There was one telling outlier in the data.
One female patient had an increased physical activity level during the study period in spite of our instructions. However, her increase in physical activity was no more than one hour of walking per day, four days a week. She had implemented an 11%-carbohydrate diet without any anti-diabetic drug, and her HbA1c level decreased from 14.4% at baseline to 6.1% after 3 months and had been maintained at 5.5% after 6 months.
The paper presents the following lines of evidence for the claim,
Here we propose that glucagon excess, rather than insulin deficiency, is the sine qua non of diabetes. We base this on the following evidence:
(a) glucagon increases hepatic glucose and ketone production, catabolic features present in insulin deficiency;
(b) hyperglucagonemia is present in every form of poorly controlled diabetes;
(c) the glucagon suppressors leptin and somatostatin suppress all catabolic manifestations of diabetes during total insulin deficiency;
(d) total β cell destruction in glucagon receptor-null mice does not cause diabetes; and (e) perfusion of normal pancreas with anti-insulin serum causes marked hyperglucagonemia.

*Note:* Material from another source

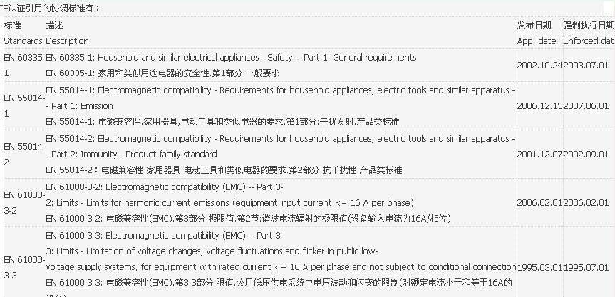 CE認證引用的協(xié)調(diào)標準有:

The insight that this may not be as much an insulin issue as a glucagon issue is a powerful one which may have application with medications to control Type 2 Diabetes. If giving exogenous insulin produces problems with Insulin Resistance, giving a medication which causes the body to produce less glucagon may have an opposite effect. It may be possible to develop a medication which downregulates glucagon indefinitely.
Here is a nice paper from 2009 on mice fed an ad libitum ketogenic diet (Kennedy AR, Pissios P, Otu H, Roberson R, Xue B, Asakura K, Furukawa N, Marino FE, Liu FF, Kahn BB, Libermann TA, Maratos-Flier E. A high-fat, ketogenic diet induces a unique metabolic state in mice. Am J Physiol Endocrinol Metab. 2007 Jun;292(6):E1724-39. Epub 2007 Feb 13).
The study looked at:
C57BL/6 mice animals were fed one of four diets:
2) a commonly used obesogenic high-fat, high-sucrose diet (HF);
3) 66% caloric restriction (CR); and
4) control chow (C).
Calories were the same but weight was lower on the ketogenic diet.

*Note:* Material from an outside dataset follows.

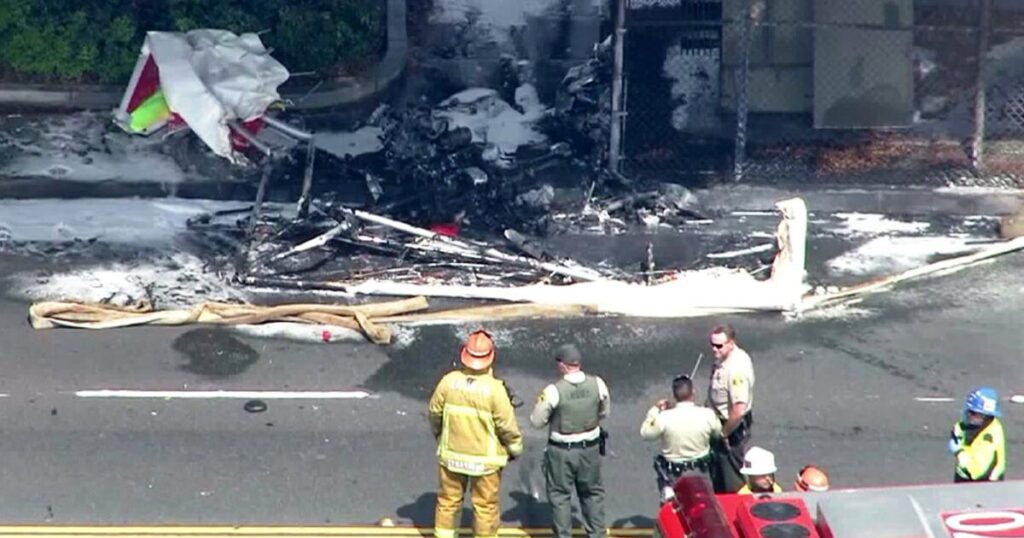 Fire: Storm’s plane crashed shortly after take off from Hawthorne Municipal Airport in Los Angeles on Monday

Mice on KD ate the same calories as mice on C and HF, but weight dropped and stabilized at 85% initial weight, similar to CR.
In fact, they moved mice from the High Fat High Carb diet to the Ketogenic diet and had the following:
Animals made obese on HF and transitioned to KD lost all excess body weight, improved glucose tolerance, and increased energy expenditure.
Even more along my own area of interest:
KD fed mice had a unique metabolic and physiological profile, exhibiting increased energy expenditure and very low respiratory quotient
The macronutrient composition of the diets was interesting:
Note this was not a high protein KD. I.e., The dietary advantage wasn’t protein. The percentage of calories from protein was the lowest on the KD – by far. This is a much higher level of fat than most people will tolerate and the protein level is pretty low.
Most telling was the body composition changes (Table 5).
The Chow fed mice were a bit over 10% heavier but at a lower % of Body Fat (13.5%) vs the Ketogenic fed mice. This can be attributed to the much lower protein consumption of the KD.
A contrasting study (Protein Leverage Hypothesis Counterpoint) showed an inflection point around 70% for fat where additional fat did not result in additional weight. In my opinion (study needed) – substituting protein for some of the fat should not be an issue.
The study concluded:
the effects that diet composition can have on metabolism and found that diets high in fat and low in carbohydrate do in fact lead to weight loss by increasing energy expenditure.
Remarkably, animals eating ketogenic diet lost a small amount of weight and achieved the same weight and body composition as animals that were calorie restricted to 66% of usual daily intake.
One problem with ketogenic LC-HF diets is that it is difficult to attribute observed effects (e.g., loss of body weight) to either the presence of ketone bodies or to the normally very low protein content of these diets.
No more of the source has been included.